Готовятся к изданию:
Следующие книги из серии Ка-Тер скоро выйдут в печати Издательства Шанг-Шунг:
1) Пробуждение после смерти: Тибетская Книга Мертвых, перевод Элио Гуариско
2) Чудесное Изначальное Состояние, перевод Адриано Клементе и Джима Велби

Следующие книги из серии Полного собрания сочинений Чогьяла Намкая Норбу будут изданы к концу 2012 года:
1) Учения Лонгсал, том IX, полностью посвященный учению Янгти, с выдающимися учениями и терма, перевод Адриано Клементе
2) Коментарий к учению Лонгсал, том II, содержащий учения Тогел с историей их открытия, перевод Адриано Клементе



Отчет по текущей работе в 2012 году

Элио Гуариско работал над:
1) Книга Ринпоче "Серебряное зеркало. Простой путь практики тибетской медицины"
Изначально эта работа была опубликована на тибетском языке в Дхармсале в Тибетской библиотеке трудов и архивов. эта бесценная книга является пособием по применению тибетской медицины всеми изучающими и практикующими ее. Эта книга была написана Чогьялом Намкаем Норбу по просьбе Ракра Ринпоче, ученого традиции гелуг, который долгое время занимался образованием молодого поколения тибетцев, проживавших в Швейцарии. В этой книге описаны разнообразные заболевания, методы их диагностики, содержатся прописи около 450 древних лекарств. Многие из этих лекарств относятся к рецептуре традиционной тибетской медицины, а некоторые принадлежат к редким особым традициям выдающихся докторов и реализованных духовных учителей Тибета.
2) Книга по Намка
Книга по Намка, методу гармонизации элементов, является учением терма Чогьяла намкая Норбу. Эта книга станет дополненным переизданием старого пособия и будет содержать дополнения. изложенные Чогьялом Намкаем Норбу. 
3) Биография Адзома Друкпа
Обширная биография учителя. чьей реинкарнацией является Чогьял Намкай Норбу. Эта биография никогда ранее не издавалась на западных языках.
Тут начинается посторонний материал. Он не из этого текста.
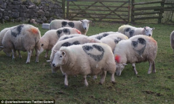日前,英国各地的数百只绵羊身上被发现画上了类似笑脸的“神秘”图案,这一奇观的现象很快成为英国网民热议的话题,有些人甚至猜测是“超自然力量”在背后起作用,不过还是恶作剧的可能性更大。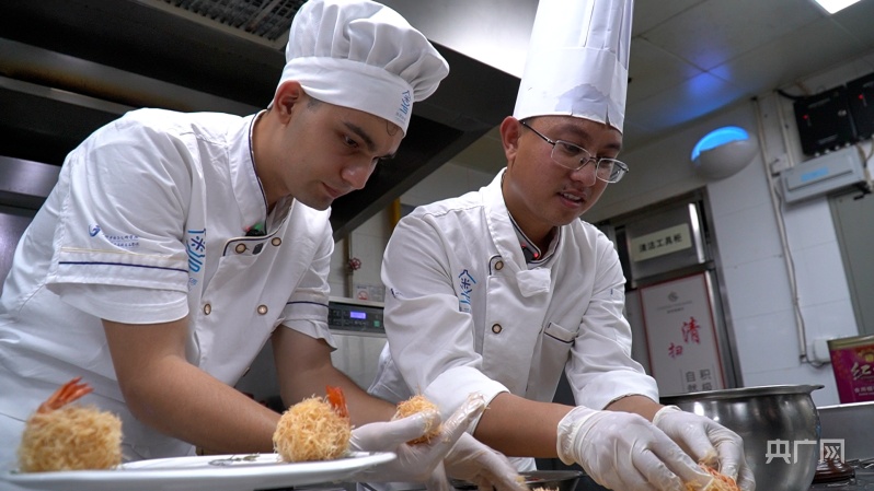 阿热跟着黎正开(右)学习制作粤菜(央广网记者官文清 摄)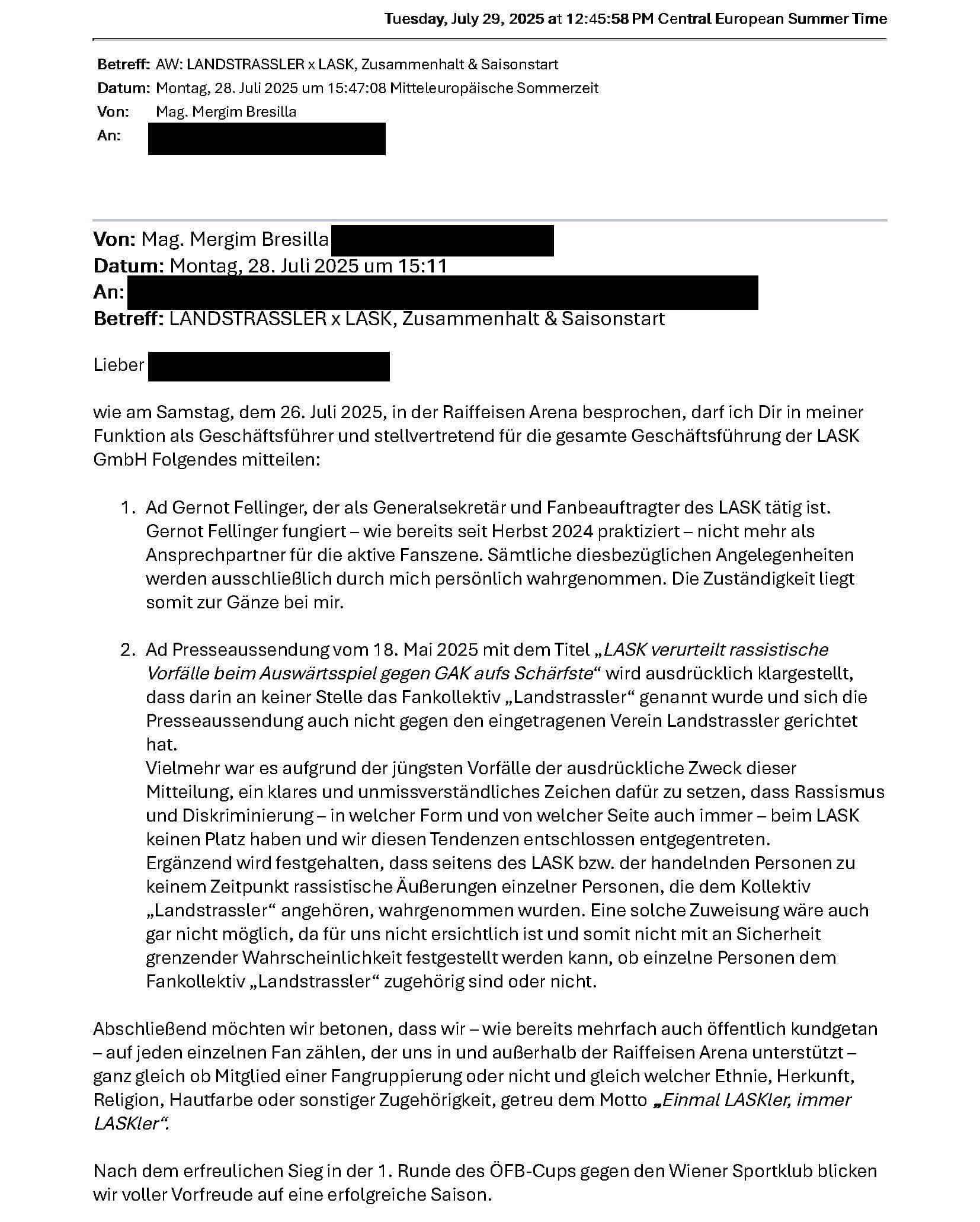 Die Geschäftsführung hat daraufhin am Tag des Cup-Spiels beim Wiener Sport-Club gemeinsam mit einem vermittelnden Fan und dem führenden Capo der Landstrassler sowie im Beisein eines Sponsorenvertreters zum wiederholten Male das gemeinsame Gespräch gesucht. Darin forderte der Capo unter anderem mehrfach eine erneute Stellungnahme des Vereins in Bezug auf die Rassismusvorfälle beim letzten Auswärtsspiel gegen den GAK, im Zuge dessen mehrere LASK-Profis von rassistischen Beleidigungen aus dem eigenen Fanblock berichtet hatten. Diese Vorfälle stellte er in Abrede. Der LASK vertraut seinen Spielern vollumfänglich und distanziert sich, wie in der damaligen Stellungnahme ausdrücklich festgehalten, entschieden von jeglicher Form des Rassismus. Zu keinem Zeitpunkt hat der Verein die möglichen Täter:innen den Landstrasslern zugeschrieben, wie auch aus dem angefügten Mailverlauf von Geschäftsführer Mergim Bresilla vom 28.07.2025 nochmals unmissverständlich hervorgeht (siehe auch Faksimile unten).

Также в ней будет изложена биография сына Адзома Друкпа, Гьюрме Дордже Ринпоче.
4) Тайное описание Ваджрного Тела
Выдающийся текст, давно ожидавшийся практиками Янтра Йоги и докторами тибетской медицины, детально описывает внутреннее функционирование Ваджрного Тела. особое внимание уделяется аспекту тела (функционированию каналов), аспекту Речи (пране) и аспекту Ума (жизненные сущности). В книгу будет включена биография автора, Гьялва Янгонпа, выдающегося йогина школы Друкпа Кагью.
5) Терма по медицине Ригдзина Чангчуба Дордже
Эта книга содержит особые провидческие наставления великого тертона и врача, относящиеся к лечению современных заболеваний.   

Адриано Клементе работал над следующими книгами проекта "Полное собрание сочинений Чогьяла Намкая Норбу":
1) Полная проверка  Биографии Кьенце
2) Проверка  Тантры Меджюнг - Чудесное Изначальное Состояние
3) Книга По гаданию Мо
4) Проверка "Свет Кайлаша, том II"
5) Учения Лонгсал, том IX 



НАМ НЕОБХОДИМА ВАША ПОМОЩЬ

Уже более 10 лет Институт Шанг Шунг Австрия отвечает за сбор средств для проекта переводов Ка-Тер и проекту переводов "Полное собрание сочинений Чогьяла Намкая Норбу".
Мне сообщеили, что некоторые считают, что проекты переводов Ка-Тер и Полного собрания сочинений финансируются Дзогчен Общиной Западного Меригара, но это НЕ так. Оба проекта финансируются ИСКЛЮЧИТЕЛЬНО из пожертвований, в основном частных пожертвований членов Дзогчен Общины.
В 2012 году нам опять нужна ваша помощь с тем, чтобы дать возможность Элио и Адриано сконцентрироваться ТОЛЬКО на их переводческой работе, требующей высочайшей квалификации и избежать необходимости искать иные виды заработка. Просто вспомните об их превосходной работе во благо будущих поколений.
Пожалуйста, поддержите нас в наших проектах переводов. 
Ваше пожертвование необходимо и крайне востребовано.
Пожалуйста, ознакомьтесь на нашем сайте с тем, КАК МОЖНО СДЕЛАТЬ ПОЖЕРТВОВАНИЕ (также возможно через систему PayPal): http://www.ssi-austria.at/ssi-engl/donation-paypal.htm

Вот ссылка на безопасный сайт, где вы сможете сделать пожертвование с помощью пластиковых карт: https://ssl13.inode.at/ssi-austria.a...rdoffering.htm

Также вы можете сделать перевод на наш банковский счет:
Наименование банка:     Raiffeisenbank Ilz
Адрес:                     Hauptstr. 39
Индекс и город:             8262 Ilz
Страна:                     Austria
BIC (= SWIFT):          RZSTAT2G151
IBAN:  AT19 3815 1000 0003 0387


Искренне хотел бы поблагодарить вас за вашу помощь и передат вам свои наилучшие пожелания,
Искренне ваш,

Оливер Ляйк
Менеджер проектов переводов Ка-Тер и Полного собрания сочинений Чогьяла Намкая Норбу
Директор Института Шанг-Шунг Австрия 
www.ssi-austria.at
Mobile:  +43 676 3221365
Fax: +43 3386 83218

----------

Сергей Хос (25.09.2012)

----------


## Сергей Хос

Держатели рублевых карт Raiffeisenbank, вероятно, не смогут сделать перечисление по указанному адресу?

----------

Артем Тараненко (25.09.2012)

----------


## Артем Тараненко

Моя рублевая карта Сбербанка принимается и там, и в магазине ФПМТ

----------

Сергей Хос (25.09.2012)

----------


## Neroli

> Держатели рублевых карт Raiffeisenbank, вероятно, не смогут сделать перечисление по указанному адресу?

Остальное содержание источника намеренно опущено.